An interesting note about Mongolia's dumplings is that it is likely that the reason dumplings are enjoyed pretty much from Korea across Russia and into Eastern Europe is that this represents the extent of Mongolia's empire, and the world as a whole has never missed the opportunity to pick up a new food form, even from invading "barbarians."
Our introduction to the fried pastry called huushuur was during a picnic in the Gobi. We also had huushuur in restaurants and during Naadam, where they were prepared by vendors in open-air stalls. Huushuur can be eaten out of hand, as a hearty snack, or it can be turned into a meal by adding a salad (we frequently encountered carrot and garlic salad: grate a carrot or two, grate in garlic to taste, add a little mayonnaise to bind it and a dash of salt; or you could toss shredded cabbage with oil, vinegar, salt, and pepper) and a pot of tea or Mongolian beer (would you believe Khan Brau?). Huushuur is good hot, but is also excellent at room temperature.
(Mongolian Fried Meat-Filled Pastries)
2¼ cups flour
¼ tsp salt
water to mix
1 lb. chopped or ground beef or mutton (see Notes below)
1½ tsp. salt
¼ tsp. ground black pepper
½ tsp. marjoram
½ onion, finely chopped
1-2 cloves garlic, finely chopped
oil for cooking
Combine flour and salt. Add water (I found I needed a little more than 1 cup, but this can vary depending on the flour and the humidity; add half a cup and then continue to add water a little at a time), mixing it in thoroughly, until you have a rough, dry dough, about the texture of that for pie crust. If you add too much water, you can always add a little more flour. Knead until dough is smooth and elastic. Cover and let rest for 5 to 10 minutes.
Combine all filling ingredients, mixing thoroughly. If dry, add a few drops of water to moisten.

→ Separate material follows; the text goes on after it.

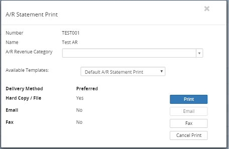 5. If applicable, in the A/R Statement Print dialog box, click on the A/R Revenue Category drop-down menu to select an option.
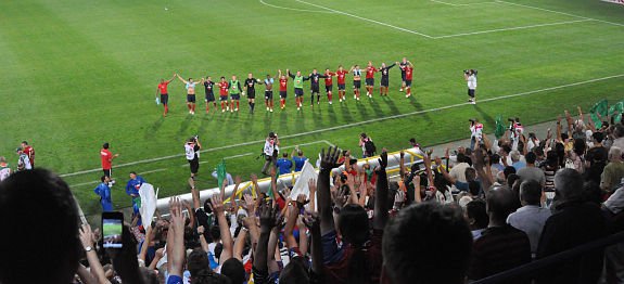 A megnyitott szektorok majdnem teljesen megteltek, kiváló meccshangulatban kezdődött az Európa-liga selejtezőjének visszavágója. Hatalmas taktikai csatában, kevés helyzetet hozó, de végig feszült meccsen megőrizte a számára kedvező eredményt a Vidi, és idegenben lőtt góllal továbbjutott a Slovan Bratislava ellen.

Divide the dough into quarters. Roll each quarter into a cylinder and cut it in half. Roll each half cylinder into a circle about 5-6 inches across. Place about 2 to 2½ Tbs. of meat mixture on one side of the circle, leaving space around the edge. Fold the other side over, creating a half-moon, and pinch the edges closed, squeezing out air and flattening filling as you work. (As for the pinched edges, I saw huushuur with edges that ranged from elaborately "braided" closures to closures that were simply mashed shut and rolled under, so no seam was visible. Every cook has a different way of finishing this dish.) Repeat the process with the rest of the filling and dough pieces.
Pour oil to depth of about ½ inch into a frying pan. Heat oil until hot (test it after a minute or two with a tiny bit of dough—unless you have a thermometer, there is no visible way of telling if oil is hot unless something is in it, sizzling). Fry two or three pastries at a time for two minutes per side, until they are golden to brown and the meat is cooked. Can be eaten hot or cold.
Makes 8 pastries (for Mongolians, a little more than one serving, but for most of us, 4 servings.)
Do not trim the fat from your meat before preparing the filling, and don't buy low-fat ground meat. The fat is needed both to keep the filling moist and to help cook the inside of the pastry while it's frying.
Olive oil, especially extra virgin olive oil, is not your best choice for frying. It burns too easily. It is wise to select a different vegetable oil, if possible.
Do make sure you seal the "pockets" well. If meat juice leaks out while it's frying, the spattering of grease borders on the explosive.
Huushuur can also be prepared with a filling of mashed potatoes, perhaps with a little grated carrot added for flavor. However, when we ordered these once, our guide and driver were politely contemptuous of the idea of huushuur without meat, and refused to eat them.